• EXERCISE INSTRUCTIONS:
Down to the last line, set down the listing below exactly, apart from its pictures.

• COLLECTED MATERIAL:
-- -- --

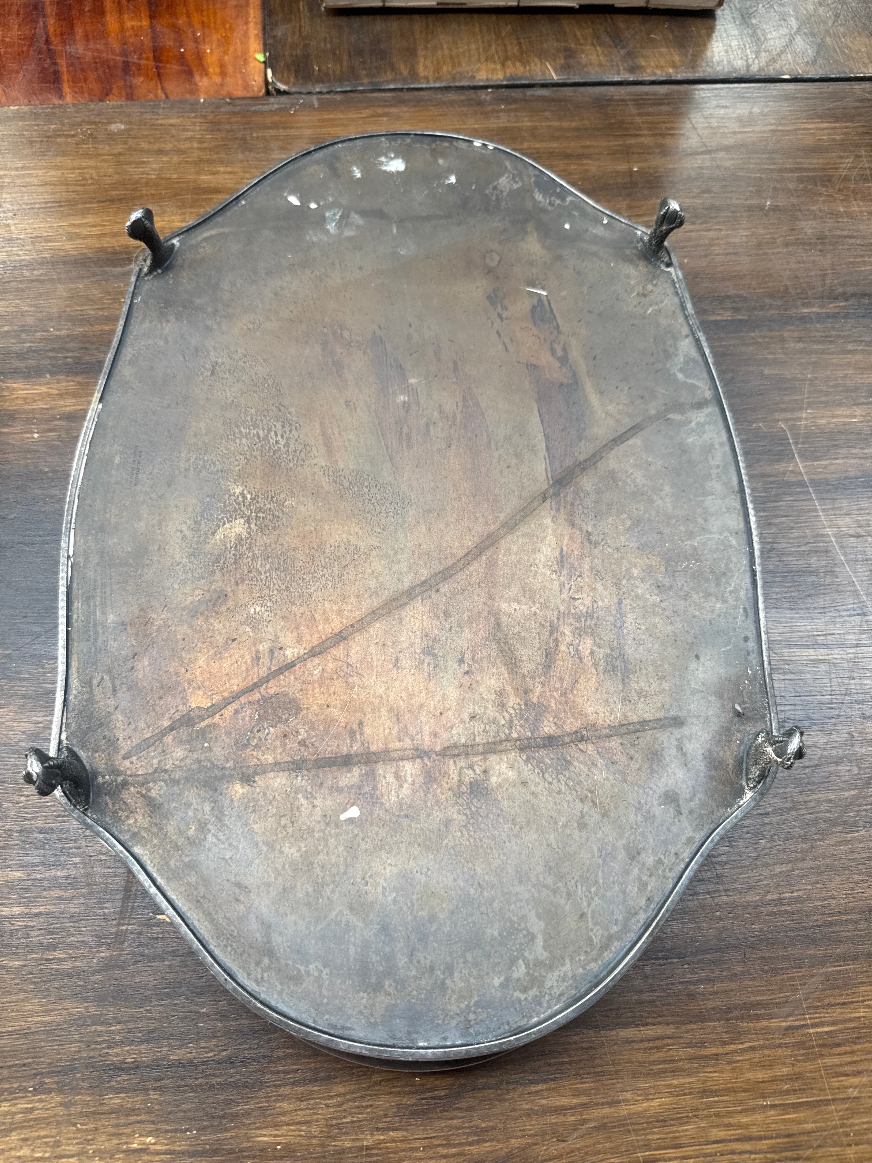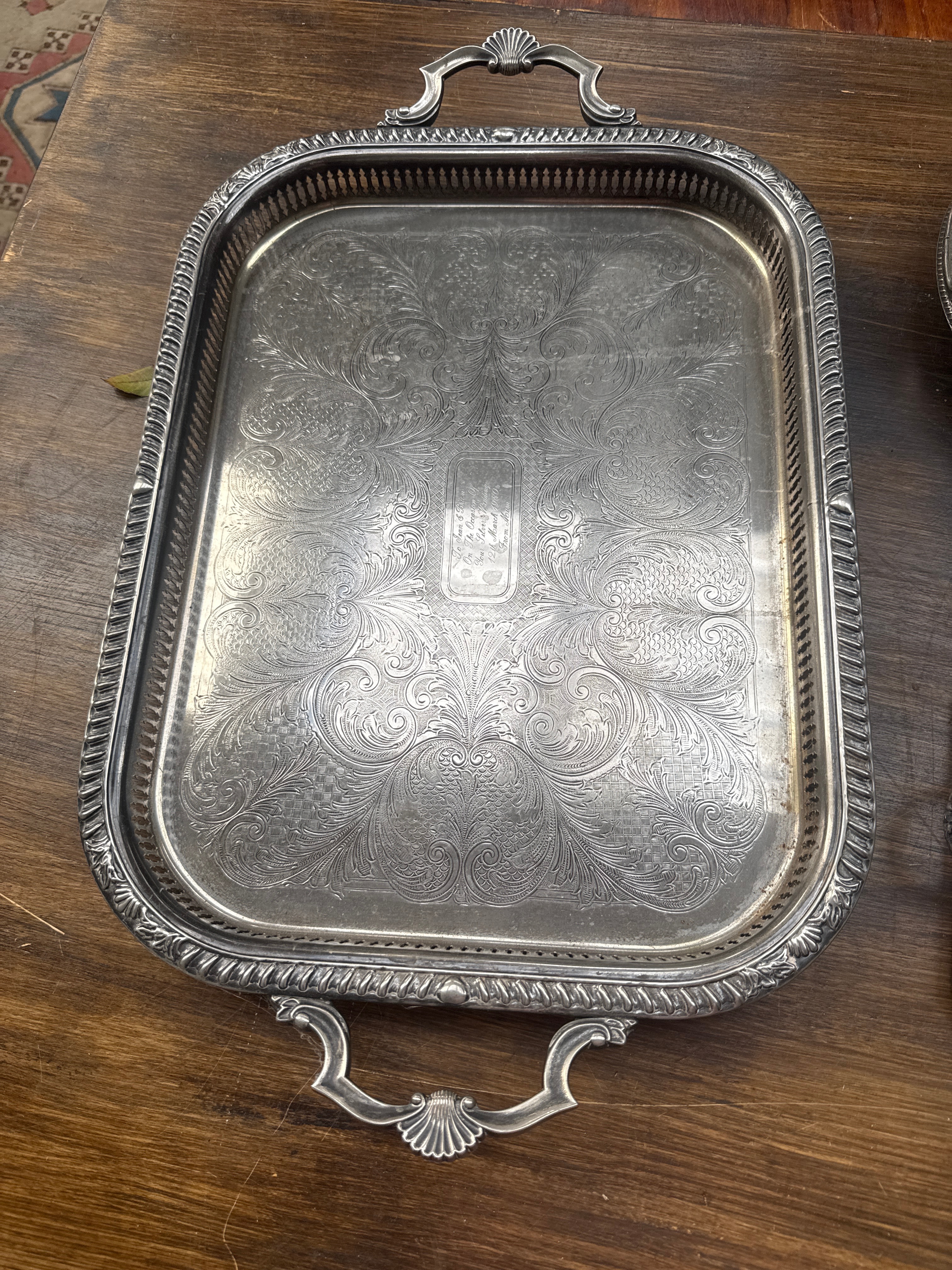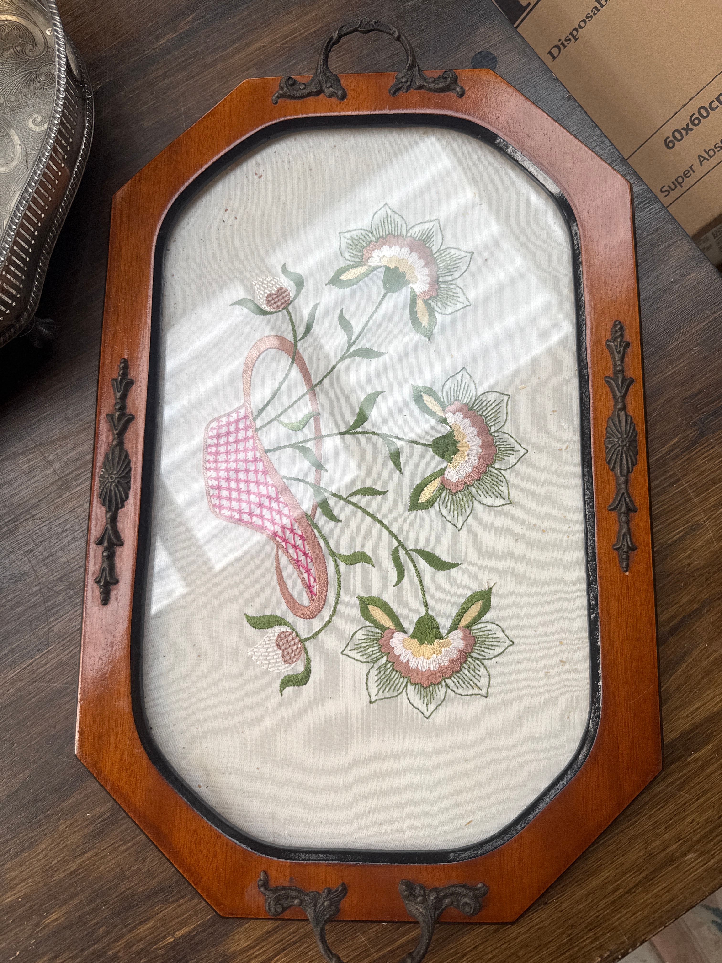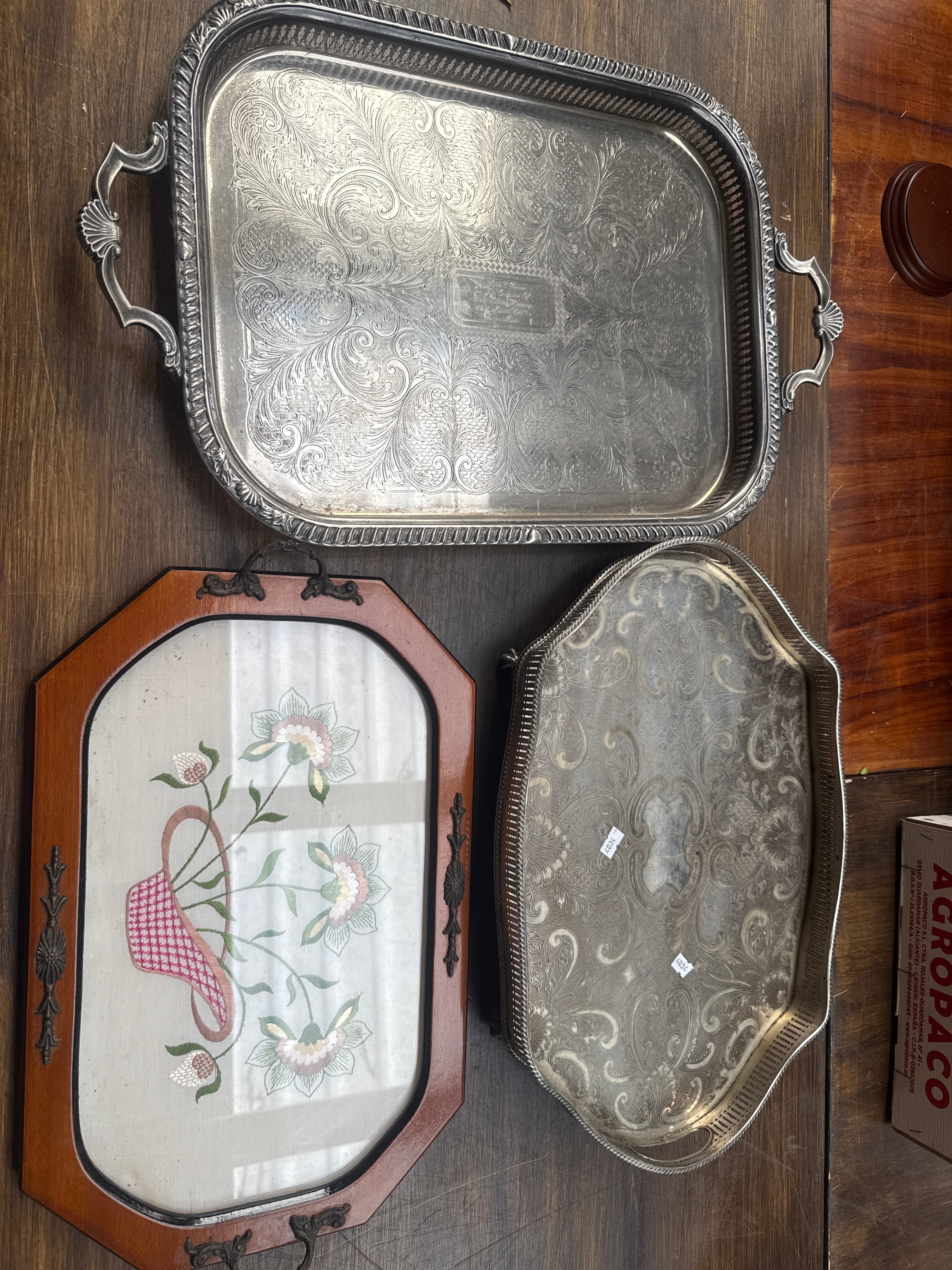 An Oneida silverplate rectangular serving tray, featuring a reeded rim, prominent shell-motif handles, and an elaborately engraved surface with extensive scrollwork surrounding a central cartouche. Also included is an octagonal wooden-framed panel with ornate brass-toned metal handles, enclosing a glass-covered needlework panel depicting a wide-brimmed hat and floral sprigs on a cream fabric. The third item is a smaller, footed shaped silver-colored tray with a rococo-style scalloped edge and engraved scrollwork.
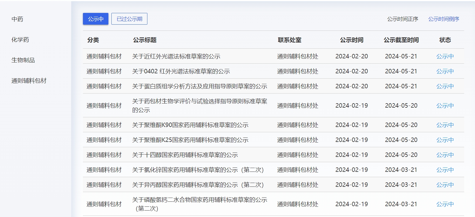 本周藥典委發(fā)布11種藥用輔料標(biāo)準(zhǔn)草案,3種指導(dǎo)原則標(biāo)準(zhǔn)草案,2種光譜法標(biāo)準(zhǔn)草案公示。
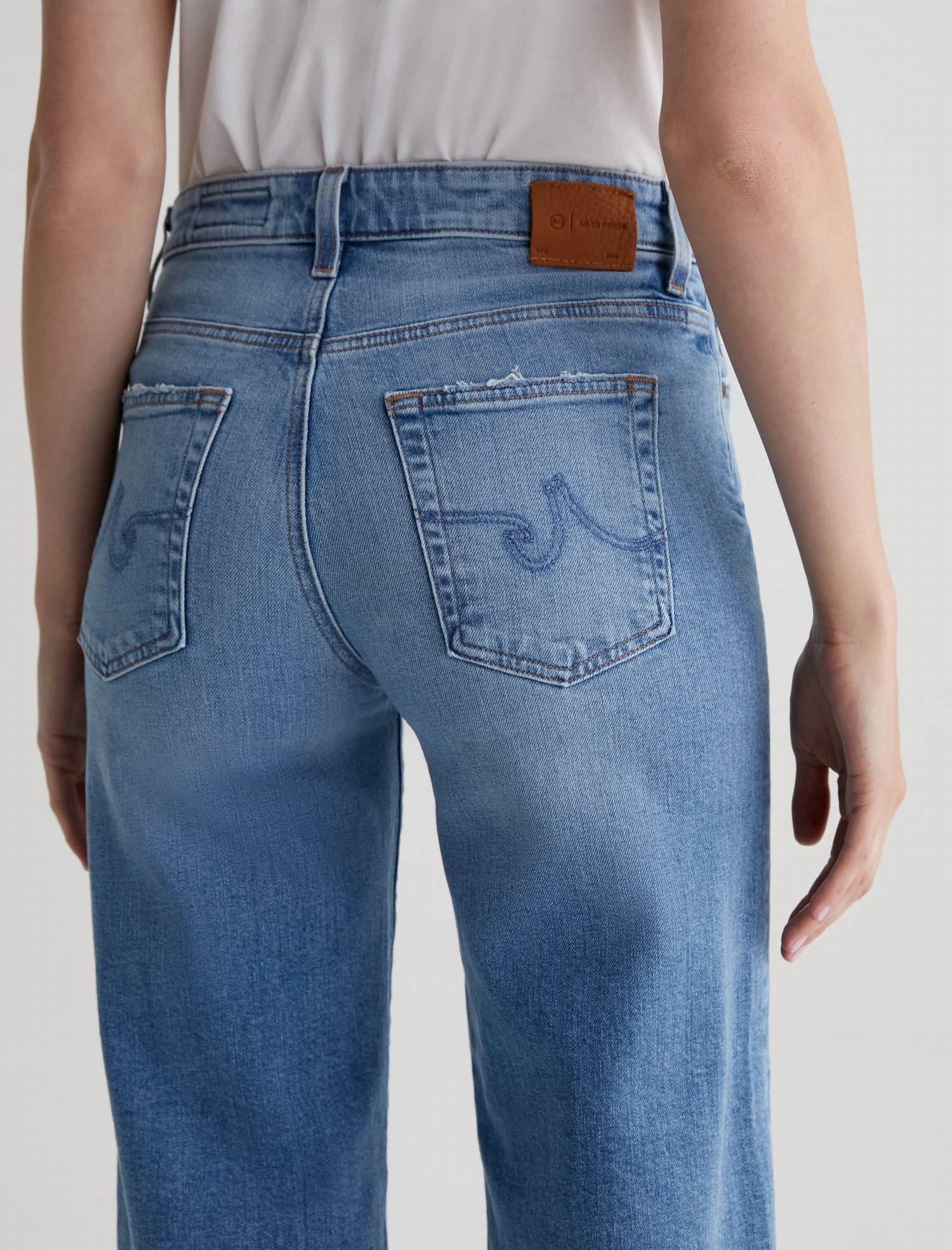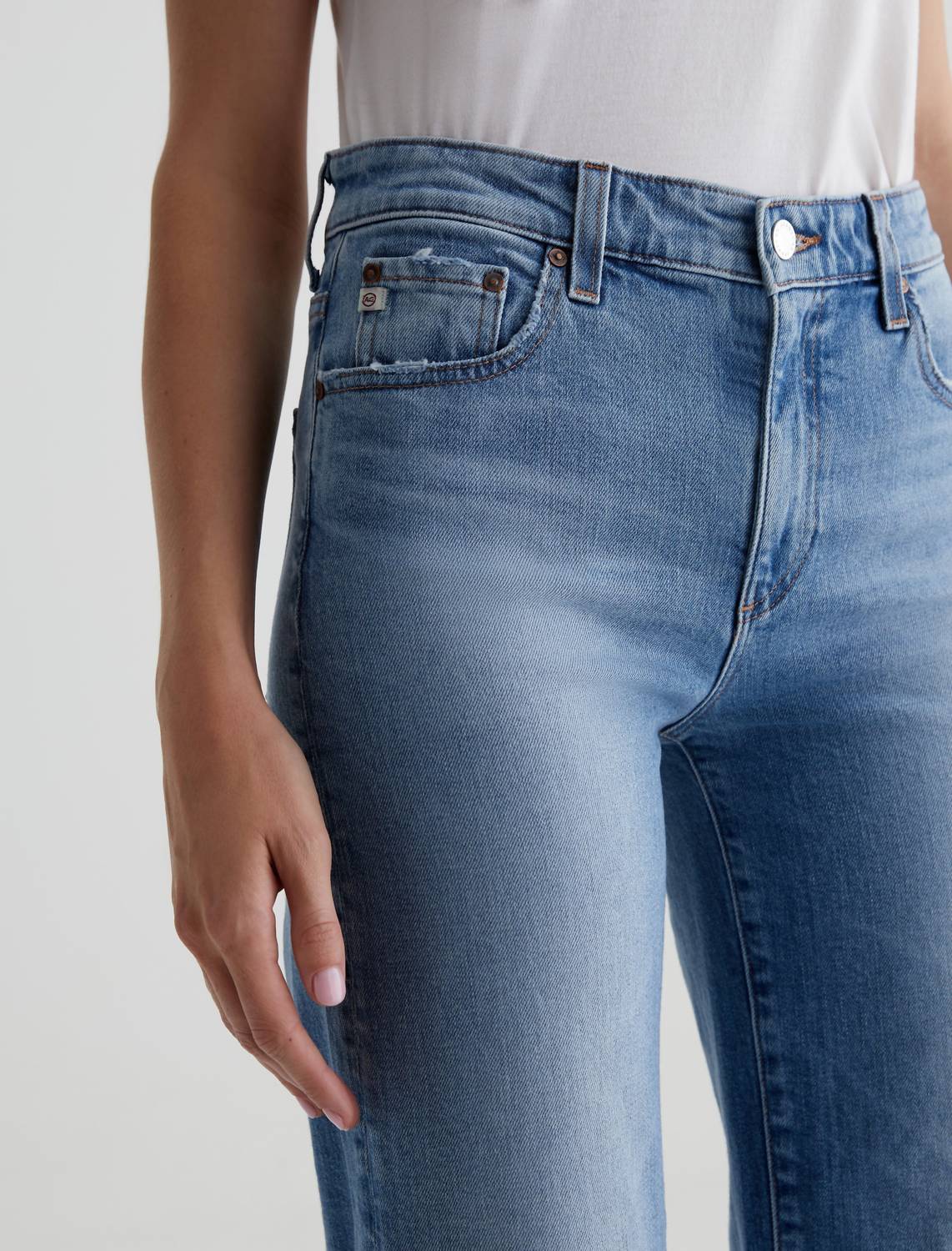 Comfortable and stylish, we love this cropped jean for all of the obvious reasons. Presenting the Saige Wide Leg Crop by AG Jeans, a perfect fusion of vintage style and modern comfort. These high-rise jeans, crafted from 98% Cotton and 2% Elastane, feature a raw hemline and a luxurious 11.75 oz. Vintage Comfort Stretch Denim, accentuated by marigold stitching and a classic light indigo wash. Designed for ease, it boasts a traditional button closure and five-pocket design for practicality and style. For easy care, machine wash cold with like colors and tumble dry promptly. Ideal for adding versatility to your summer wardrobe.

-- -- --

• OUTPUT OF THE TASK:
 An Oneida silverplate rectangular serving tray, featuring a reeded rim, prominent shell-motif handles, and an elaborately engraved surface with extensive scrollwork surrounding a central cartouche. Also included is an octagonal wooden-framed panel with ornate brass-toned metal handles, enclosing a glass-covered needlework panel depicting a wide-brimmed hat and floral sprigs on a cream fabric. The third item is a smaller, footed shaped silver-colored tray with a rococo-style scalloped edge and engraved scrollwork.
 本周藥典委發(fā)布11種藥用輔料標(biāo)準(zhǔn)草案,3種指導(dǎo)原則標(biāo)準(zhǔn)草案,2種光譜法標(biāo)準(zhǔn)草案公示。
 Comfortable and stylish, we love this cropped jean for all of the obvious reasons. Presenting the Saige Wide Leg Crop by AG Jeans, a perfect fusion of vintage style and modern comfort. These high-rise jeans, crafted from 98% Cotton and 2% Elastane, feature a raw hemline and a luxurious 11.75 oz. Vintage Comfort Stretch Denim, accentuated by marigold stitching and a classic light indigo wash. Designed for ease, it boasts a traditional button closure and five-pocket design for practicality and style. For easy care, machine wash cold with like colors and tumble dry promptly. Ideal for adding versatility to your summer wardrobe.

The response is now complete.